The occurrence and severity of chronic complications of diabetes are closely related to the degree of blood sugar and the course of the patient's blood sugar, but some patients still have chronic complications even if the blood sugar is well controlled. Can these chronic complications be prevented? What preventive measures can be taken to reduce or delay their occurrence? Based on the research results in recent years, the author summarizes the following 10 basic elements for the prevention and treatment of diabetes complications:

1. Eliminate excessively generated free radicals Free radicals are atomic groups or molecules or atoms with unpaired electrons; in a nutshell, they are “garbage” and “contaminants” in tissues and cells. Since a single unpaired electron has a strong tendency to form an electron pair with other electrons, the reactivity is high and can cause polymerization of certain compounds. In diabetic patients, hyperglycemia is accompanied by a large amount of free radicals, and the function of scavenging free radicals in the body is significantly reduced. Increased lipid oxidation, in turn, stimulates the self-oxidation of sugar, which results in increased vascular permeability, thickening of the basement membrane, and damage to tissues and organs. The use of natural antioxidants to capture highly active and transient free radicals has been shown to prevent chronic complications of diabetes. Such as the increase of vitamin E, vitamin C, superoxide dismutase (SOD), coenzyme Q10 (ubiquinone) intake and appropriate supplementation of selenium can effectively remove excess body "garbage" in the body, reducing or avoiding cell contamination.

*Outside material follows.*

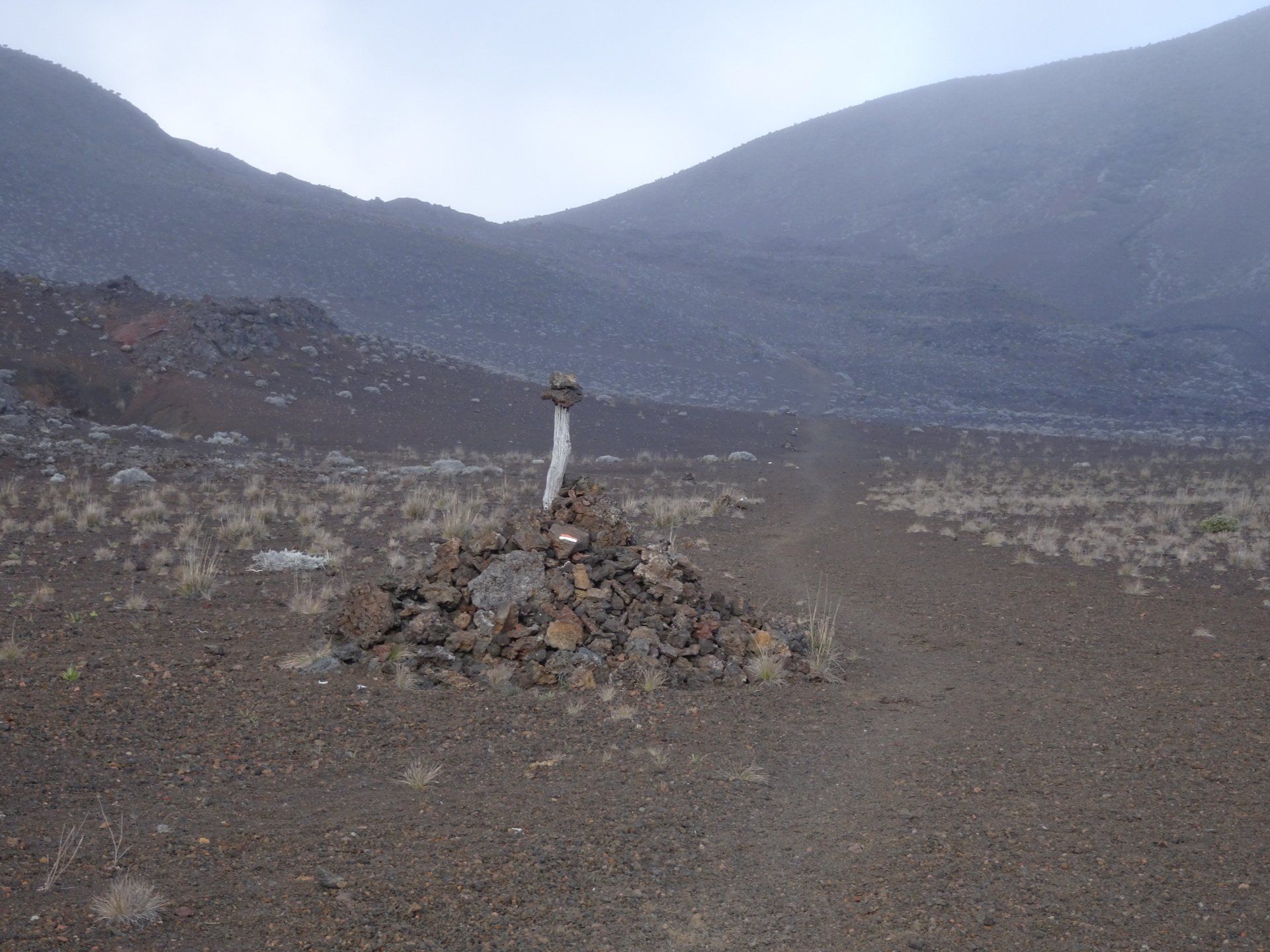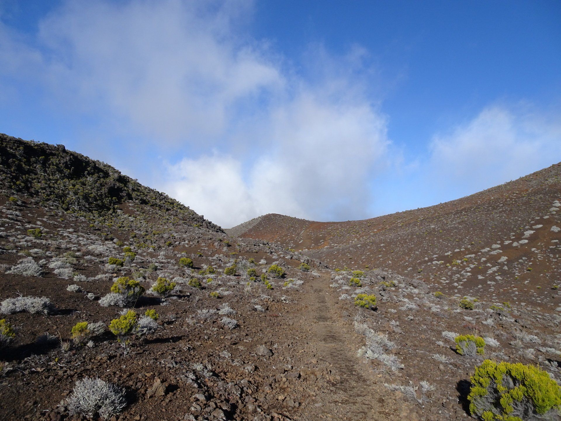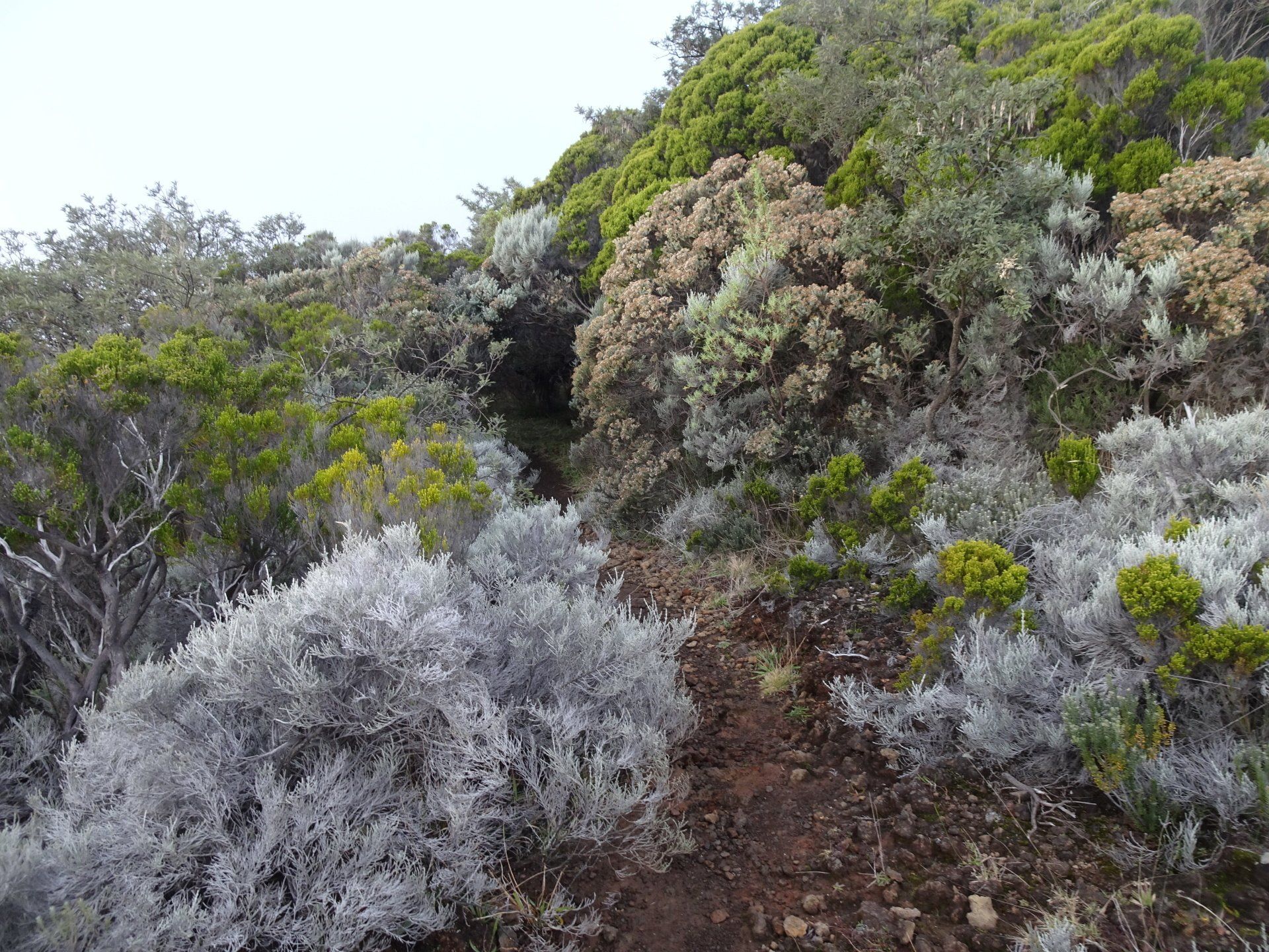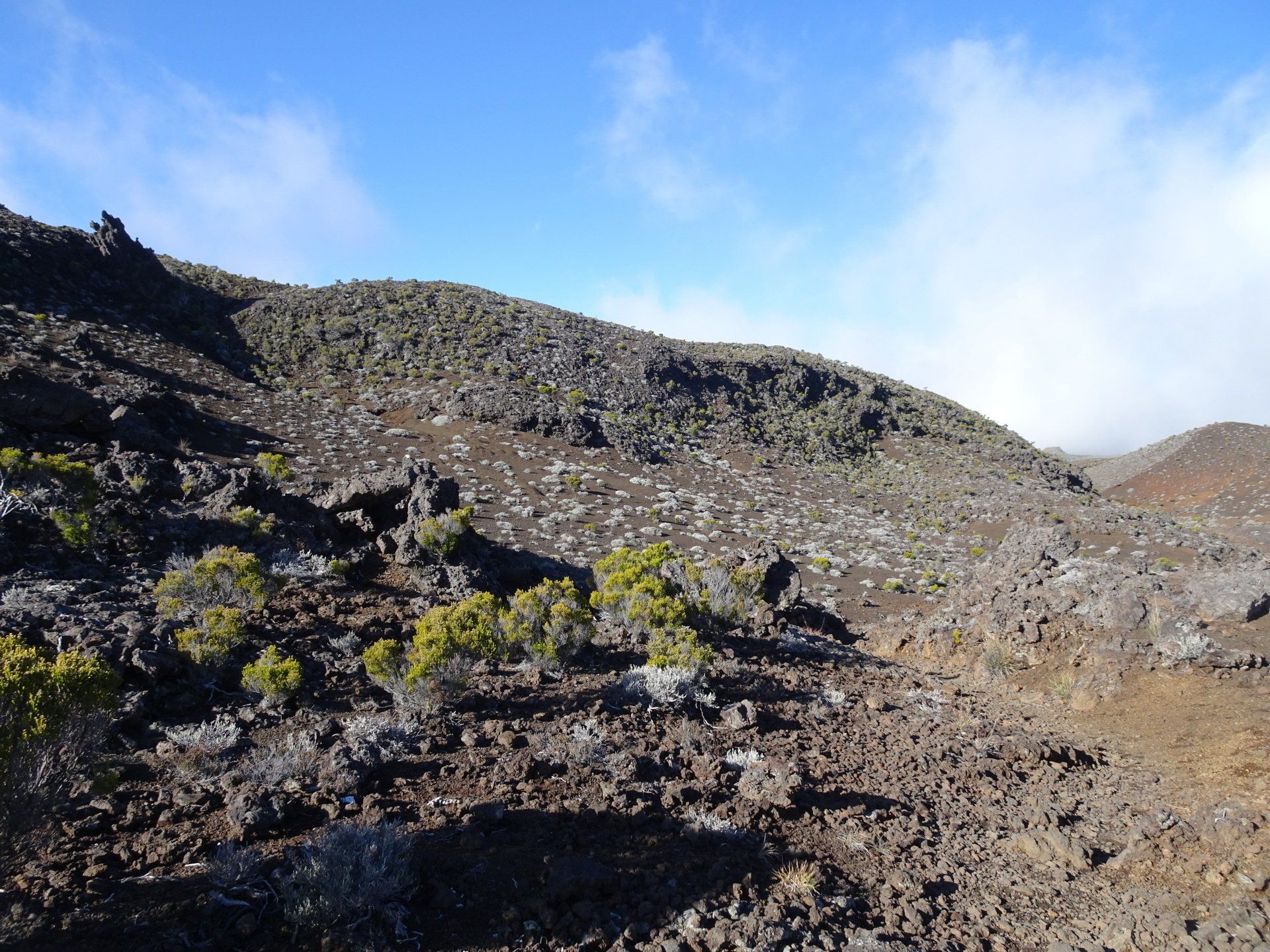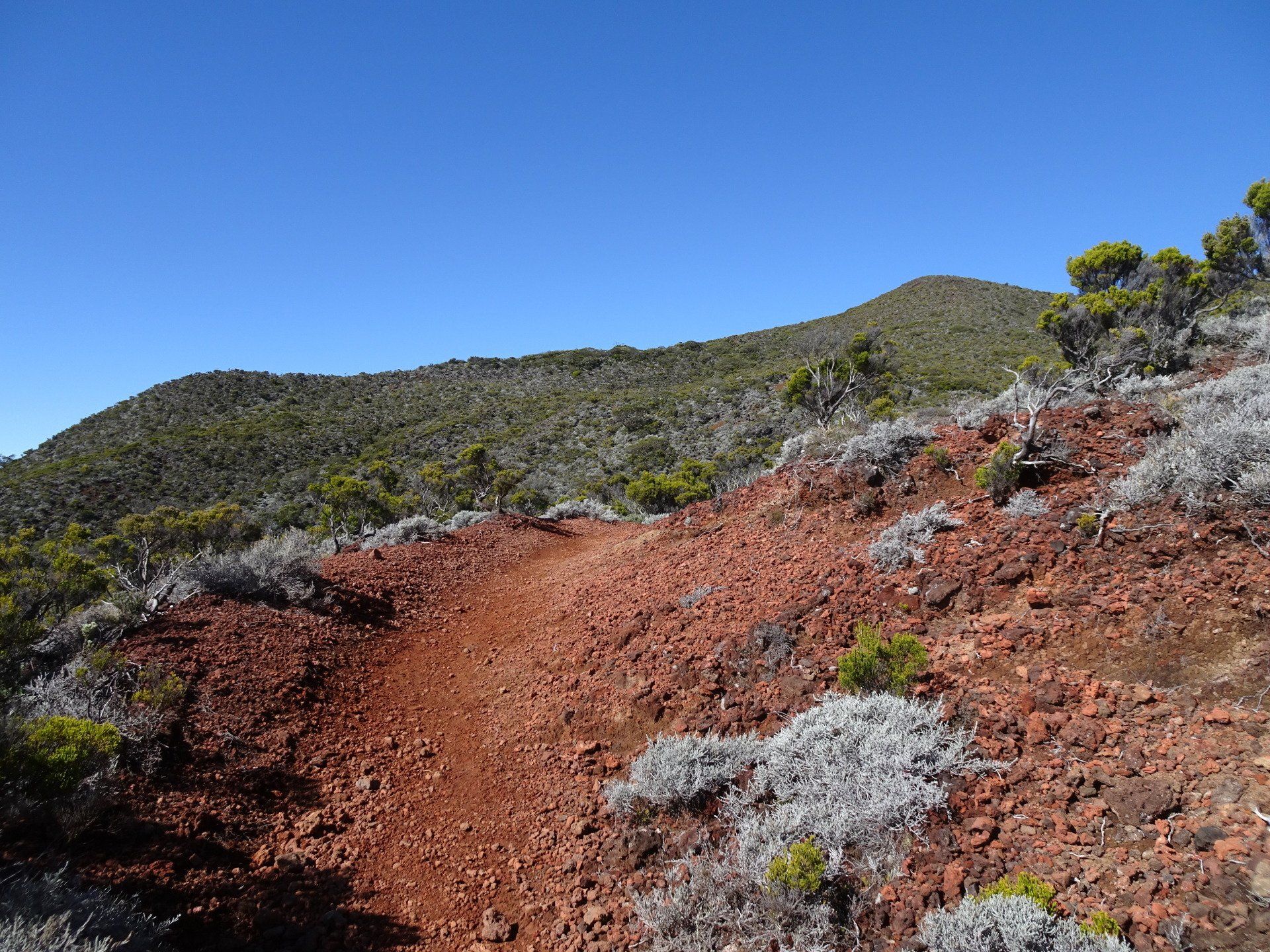 L’enclos qui donne accès à la plaine du Volcan est fermé, a priori encore pour un certain temps. De ce fait et aussi à cause de la météo un peu pourrie qui semble vouloir durer, nous décidons de ne rester qu’une seule nuit au lieu des 2 initialement réservées. Nous n’arrivons pas à joindre le gîte de Basse-vallée pour le lendemain soir. 2 chemins s’offrent à nous pour la grande descente. Au gîte, personne ne semble en mesure de départager les 2 options.
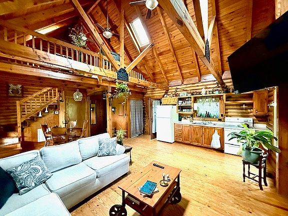 RETREAT, MINI-FARM, COUNTRY LIVING 3 MILES FROM DOWNTOWN, This 1BR 1BA open concept log home with loft, Fireplace, rich Wood beemed ceiling and all purpose Florida room sits on almost 10 acres with horse barn, pond, spring, perimeter fenced with multiple riding trails, sweeping breathtaking views, border stack stone rock wall from the 1800s and all the privacy and tranquility one could desire. A RARE FIND!

2. Monitoring of risk factors and early warning indicators for complications Regularly detect risk factors and early warning indicators of complications leading to diabetes complications, so as to promptly eliminate these virulence factors, early detection and strive to reverse complications. These include: (1) blood pressure, body weight, waist circumference, dorsal artery pulsation and radial artery/iliac artery systolic pressure ratio, limb end pain, temperature, touch, fundus examination, electrocardiogram and large vessel ultrasound, electromyography, etc.; Blood sugar, glycated hemoglobin, blood lipids, uric acid, cysteine, C-reactive protein, prothrombin time and activity, fibrinogen, platelet aggregation function, etc.; (3) urine microprotein or trace transferrin excretion rate.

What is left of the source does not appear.